§ Recorded data

=== Section Start ===

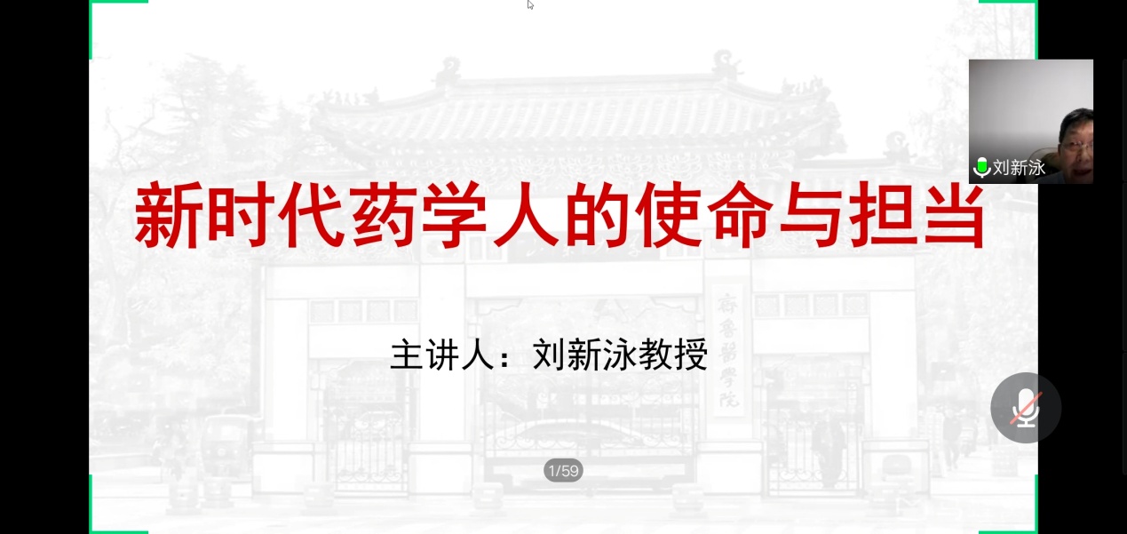 刘新泳以“新时代药学人的使命担当”为主题与同学进行交流。刘新泳表示,在党中央的坚强领导下,举国上下勠力同心,全国人民共克时艰,疫情防控终于取得阶段性成果,这充分体现了中国特色社会主义制度的优越性。山东大学援鄂医疗队在最危急的时刻义无反顾,挺身而出,为疫情防控贡献了智慧与力量。作为新时代药学人应当树立远大理想,增强药物研发的忧患意识和责任感。他希望同学们返校后要珍惜时间,奋发努力,积极开展科研工作,同时要认真做好个人防护工作,严格遵守学校学院包括疫情防控规定在内的各项管理制度。
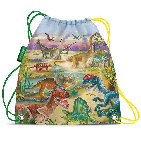 Školní sáček Jurassic adventure na přezůvky a sportovní potřeby s vnitřní kapsou na zip.
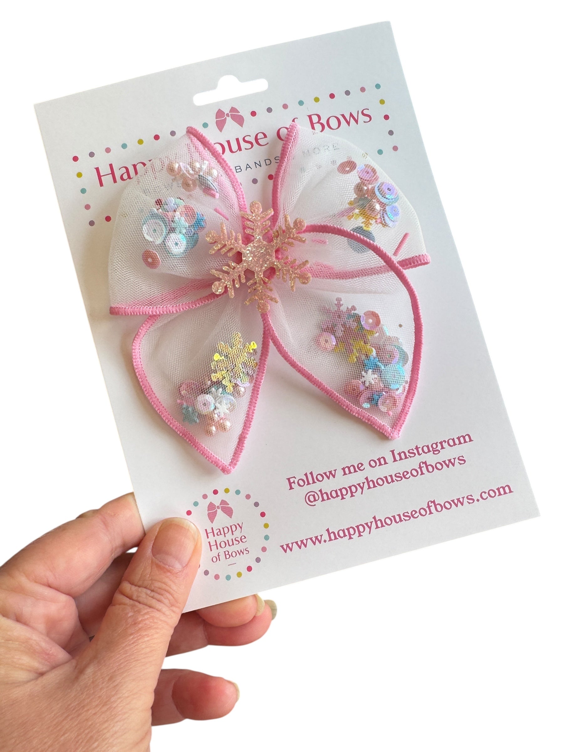 Pink Snowflake Shaker Hair Bows - Christmas Glitter Confetti Bows for Girls
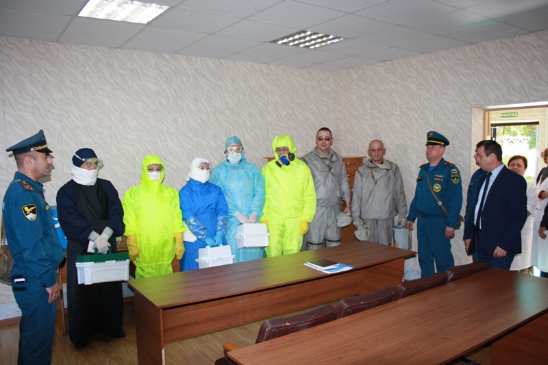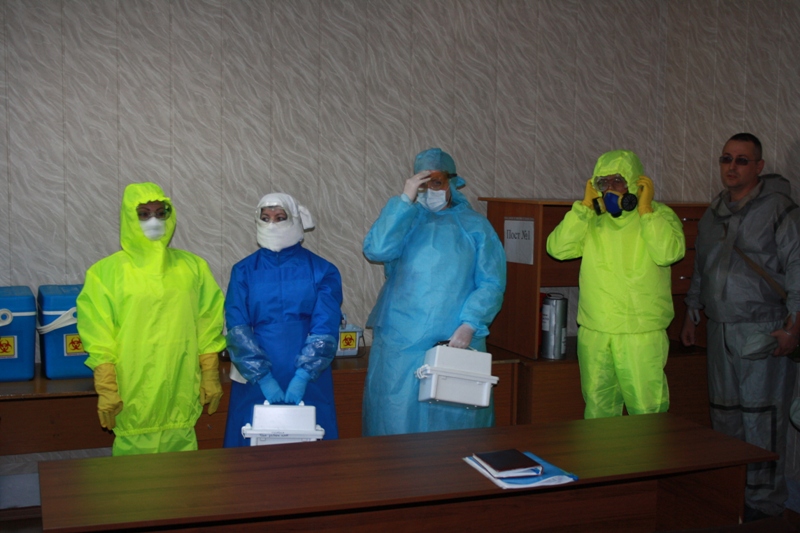 В первый день штабной тренировки 1 октября 2019 г. представители пяти лабораторий вышеуказанных учреждений по прибытии на базу ФБУЗ «Центр гигиены и эпидемиологии в Карачаево-Черкесской Республике» в специальных костюмах с укладками получили пробы с заданиями на определение бактериального и химического заражения.

=== Section End ===

§ About this exercise
Beginning with the line above that contains "Školní sáček Jurassic" and ending with the line that contains "Pink Snowflake Shaker", quote each line exactly, keeping out the pictures.

§ Completed task
 Školní sáček Jurassic adventure na přezůvky a sportovní potřeby s vnitřní kapsou na zip.
 Pink Snowflake Shaker Hair Bows - Christmas Glitter Confetti Bows for Girls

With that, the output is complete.